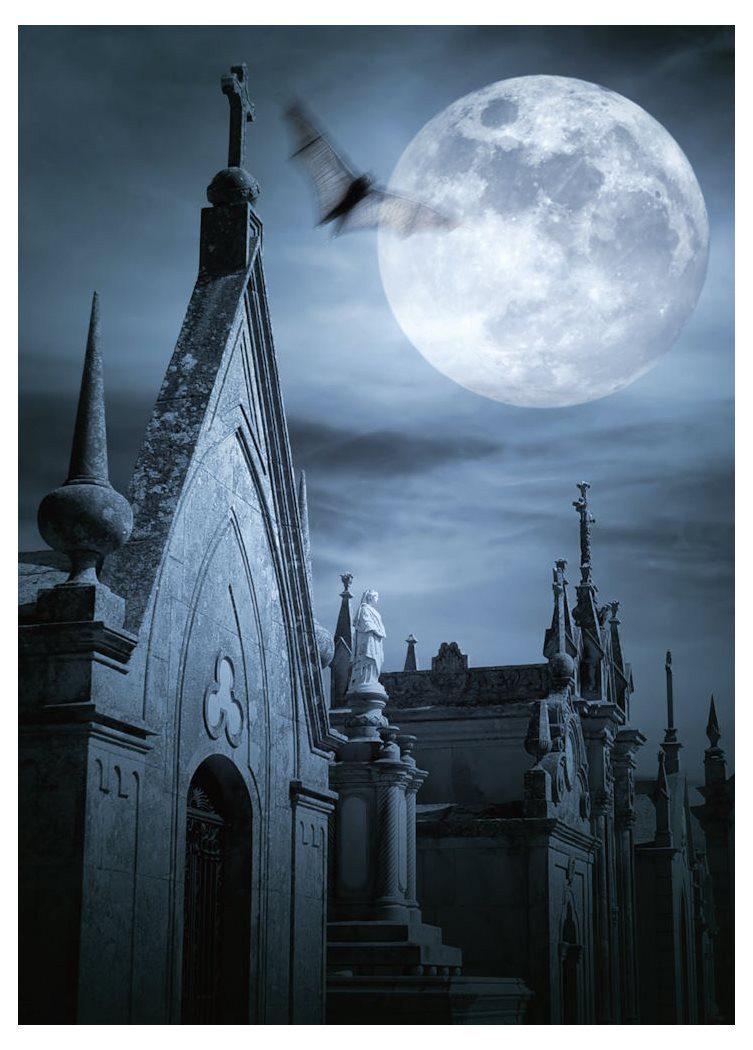 Postkarte "Mystic and Gothic: Friedhof bei Nacht"
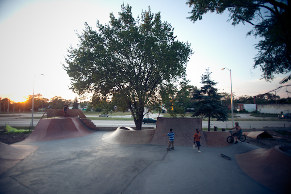 Currently the site, occupying four once-vacant commercial lots purchased from the city, consists of several traditional skate park elements (bowl, quarter pipe, hip, and corner bank), a grill (that’s not skater lingo – you cook on it), some trees, and a lot of dirt. Construction, performed by skate park builders and professional skaters from the West Coast, began in late June. (Check out Curbed Detroit’s construction photo gallery here.) This is Phase 1 of the project, which still requires a little “buttoning up,” as Reichert puts it: some post-construction clean-up and the installation of more fencing and signage.
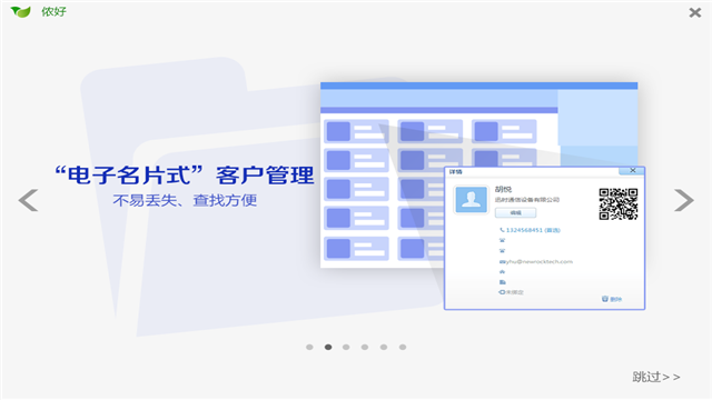 點擊通信錄上的客戶“名片”按鈕即可方便地撥打電話,同時支持對“名片”的智能化快捷查詢。
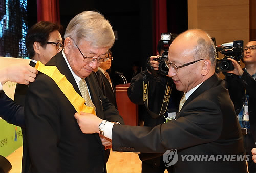 | △ 국민훈장 무궁화장 받는 신영수 WHO 서태평양지역 사무처장 (세종=연합뉴스) 배재만 기자 = 문형표 보건복지부 장관이 보건의 날인 7일 오후 정부세종청사 대강당에서 열린 제43회 보건의 날 기념식에서 신영수 세계보건기구(WHO) 서태평양지역 사무처장에게 보건의료 교육·제도 발전 및 국제 보건향상에 기여한 공로로 국민훈장 무궁화장을 수여하고 있다. |
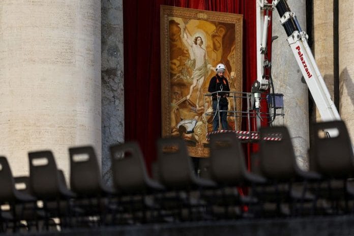 At 8:45 a.m. (0745 GMT) on Thursday, ushers known as papal gentlemen will carry the coffin in procession out of the basilica and place it on the steps facing St. Peter’s Square. The faithful will pray the rosary for about 45 minutes.

######

● **Brief**: Everything in the entries must be written out exactly; the pictures stay out.

● **Solution to this exercise**:
 Postkarte "Mystic and Gothic: Friedhof bei Nacht"
 Currently the site, occupying four once-vacant commercial lots purchased from the city, consists of several traditional skate park elements (bowl, quarter pipe, hip, and corner bank), a grill (that’s not skater lingo – you cook on it), some trees, and a lot of dirt. Construction, performed by skate park builders and professional skaters from the West Coast, began in late June. (Check out Curbed Detroit’s construction photo gallery here.) This is Phase 1 of the project, which still requires a little “buttoning up,” as Reichert puts it: some post-construction clean-up and the installation of more fencing and signage.
 點擊通信錄上的客戶“名片”按鈕即可方便地撥打電話,同時支持對“名片”的智能化快捷查詢。
 | △ 국민훈장 무궁화장 받는 신영수 WHO 서태평양지역 사무처장 (세종=연합뉴스) 배재만 기자 = 문형표 보건복지부 장관이 보건의 날인 7일 오후 정부세종청사 대강당에서 열린 제43회 보건의 날 기념식에서 신영수 세계보건기구(WHO) 서태평양지역 사무처장에게 보건의료 교육·제도 발전 및 국제 보건향상에 기여한 공로로 국민훈장 무궁화장을 수여하고 있다. |
 At 8:45 a.m. (0745 GMT) on Thursday, ushers known as papal gentlemen will carry the coffin in procession out of the basilica and place it on the steps facing St. Peter’s Square. The faithful will pray the rosary for about 45 minutes.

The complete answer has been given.